What to produce: Could you restate, exactly and with nothing added, the lines from the start of the data through the line that holds "Swissvale friends enjoying the cool air.", leaving the pictures out?

Data:
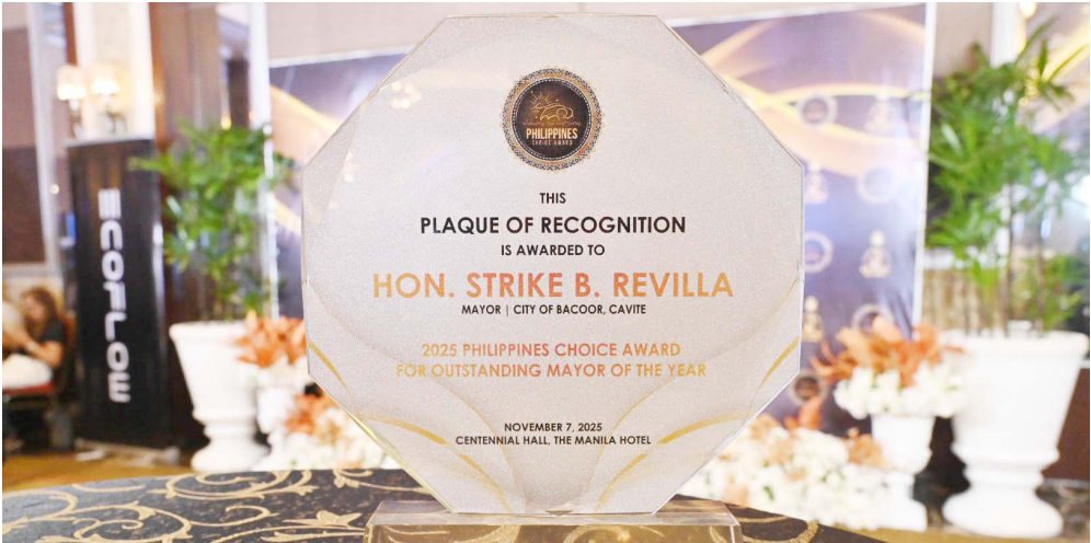
The entire Bacoor community is invited to celebrate this victory, which brings great honor to the city.
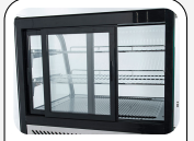
Rear sliding doors
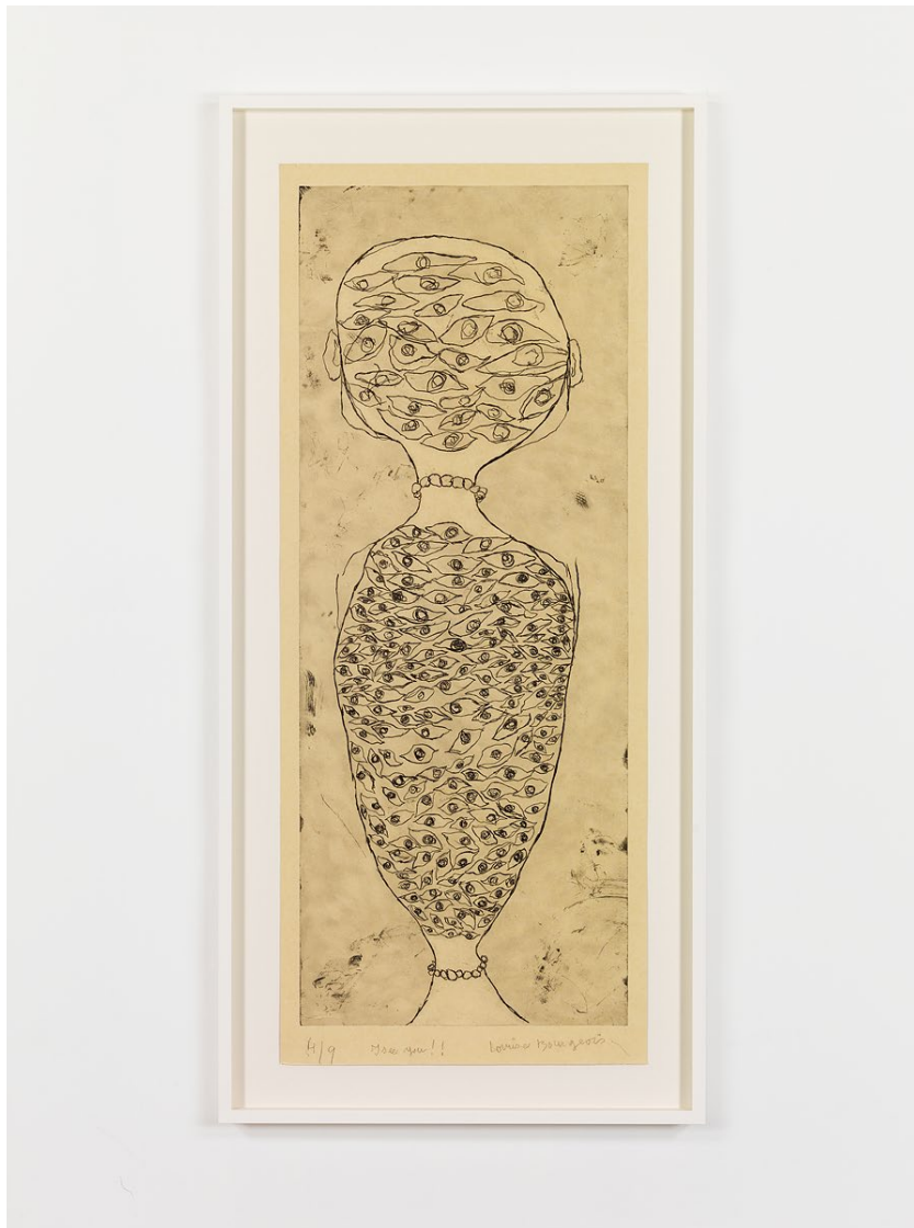
Louise Bourgeois (1911-2010) TURNING INWARDS SET #4 (I SEE YOU!!!) 2007 Etching on paper 151.1 x 61.9 cm
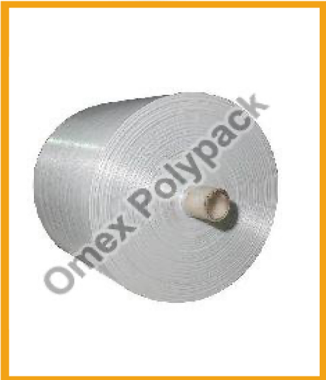
White PP Woven Fabric Rolls
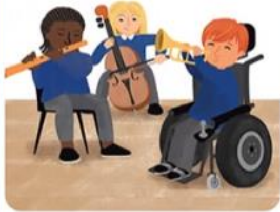
the school orchestra
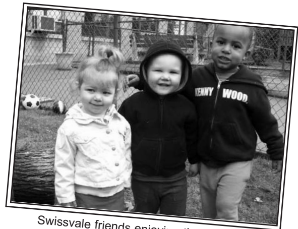
Swissvale friends enjoying the cool air.

We would like to thank everyone for their continued support of our organization. During the holidays we see so much generosity and kindness it warms the heart especially during the recession. At Angels' Place we are fortunate to have the support of good friends who also remember us throughout the year. Our organization is blessed to have so many who care so much. We wish you all a very Merry Holiday season full of good wishes and good health.
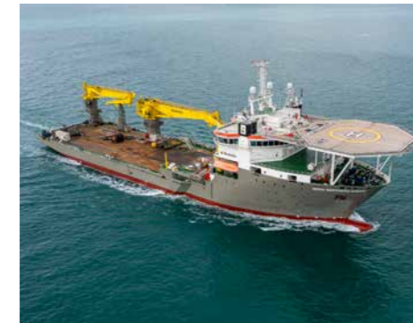
7 CONSTRUCTION SUPPORT VESSELS

Response box:
The entire Bacoor community is invited to celebrate this victory, which brings great honor to the city.
Rear sliding doors
Louise Bourgeois (1911-2010) TURNING INWARDS SET #4 (I SEE YOU!!!) 2007 Etching on paper 151.1 x 61.9 cm
White PP Woven Fabric Rolls
the school orchestra
Swissvale friends enjoying the cool air.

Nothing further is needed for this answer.